Elle n'a finalement pas été convoquée et le texte ne pourra donc pas être appliqué pour cette année, comme le souhaitait Gabriel Attal. Une victoire pour les syndicats qui s'y opposaient fermement tout comme la gauche qui avait menacé de censure. Jean-Pierre Farandou, le ministre du Travail, a expliqué préférer laisser du temps au "dialogue social de branche au plus près du terrain". Il a toutefois laissé la porte ouverte à "certaines dérogations" et le gouvernement compte bien négocier secteur par secteur dans le but d'aboutir à un texte effectif pour le 1er mai 2027.
L'échec de la proposition de loi pour 2026 a provoqué de vives tensions lors de la réunion du groupe Ensemble pour la République à l'Assemblée nationale, mardi 14 avril. Certains ont reproché à l'exécutif son manque de courage, et n'ont pas mâché leurs mots selon les informations de BFMTV. "Vous nous pissez dessus", a par exemple lâché sans détour Karl Olive, élu des Yvelines. "Je commence à me demander ce que je fais là", regrette de son côté Nicole Dubré-Chirat, députée du Maine-et-Loire, face au ministre du Travail Jean-Pierre Farandou. Ce dernier a dû essuyer d'autres critiques, notamment celles du député des Deux-Sèvres, Jean-Marie Fiévet : "Ce gouvernement n’a pas de courage et un gouvernement qui n’a pas de courage ne mérite pas d’exister", a-t-il fustigé, des propos rapportés par la chaîne info. Face aux multiples attaques, le ministre a reconnu que "personne n'ignorait la procédure législative", il n'a pas essayé de dédouaner le gouvernement.

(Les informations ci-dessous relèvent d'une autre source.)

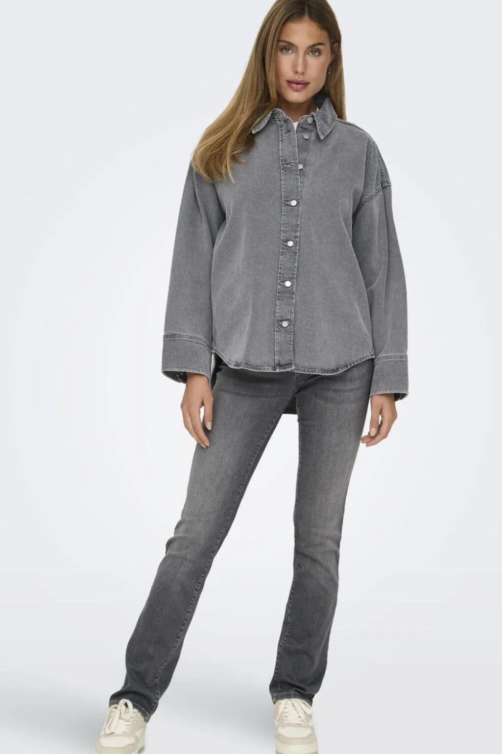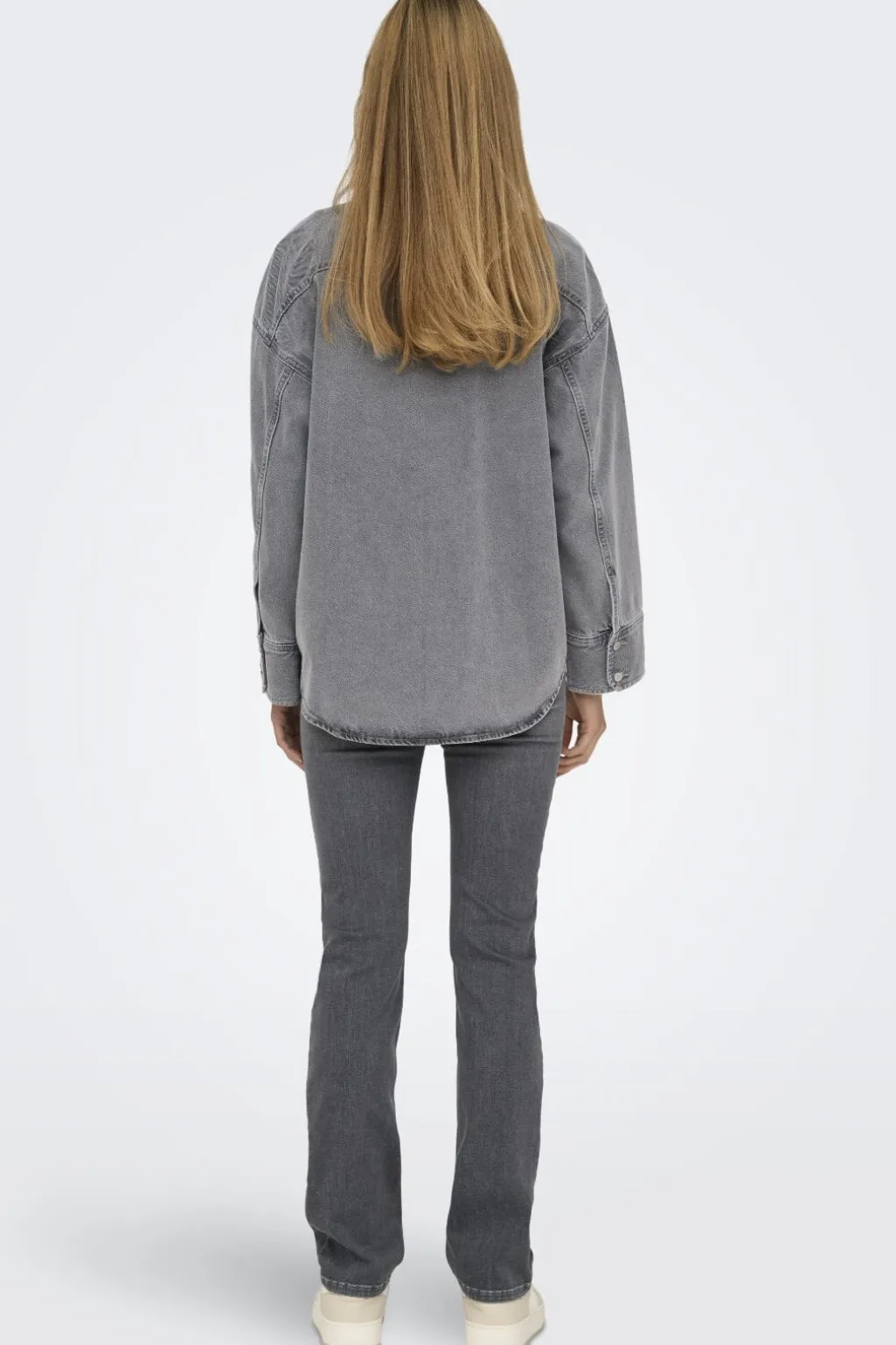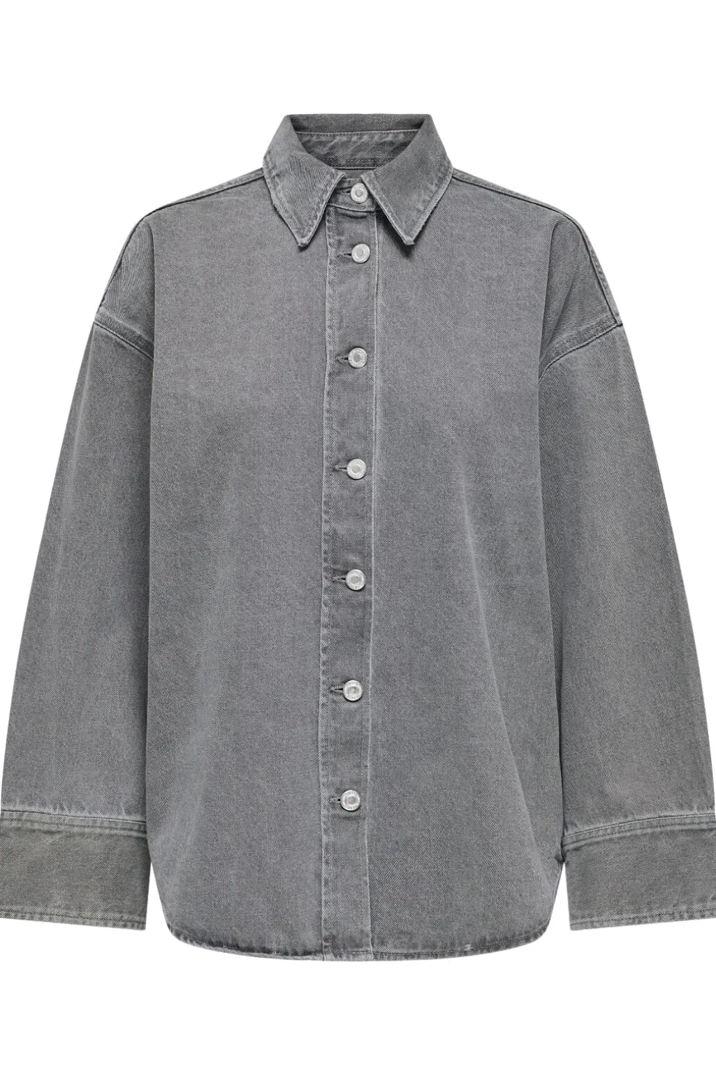 Mellemgrå denimjakke fra Only med oversized pasform. Jakken har skjortekrave og synlige knapper hele vejen ned. Denimstoffet har en karakteristisk diagonal ribstruktur.

11:24 - Les professionnels veulent une clarification
Si les syndicats et la gauche s'est fortement opposée à une révision des règles de travail pour le 1er mai, de nombreux professionnels souhaitent que soit "explicitement" reconnue "la possibilité d'employer des salariés le 1er mai". La CGAD, confédération qui représente 360 000 commerces de bouche (bouchers, boulangers, fromagers, etc.) s'est placée ainsi ce jeudi. "Les professionnels du secteur expriment leur incompréhension totale et appellent à une clarification immédiate", a écrit la confédération dans un communiqué. "Concilier le respect des traditions sociales avec les besoins contemporains de la population est aujourd'hui indispensable", a-t-elle précisé.
Alors que le gouvernement a enterré provisoirement cette réforme des règles du travail le 1er mai dès cette année, le sujet n'est toutefois pas clos. Une dérogation tente de se dessiner pour les boulangers et les fleuristes.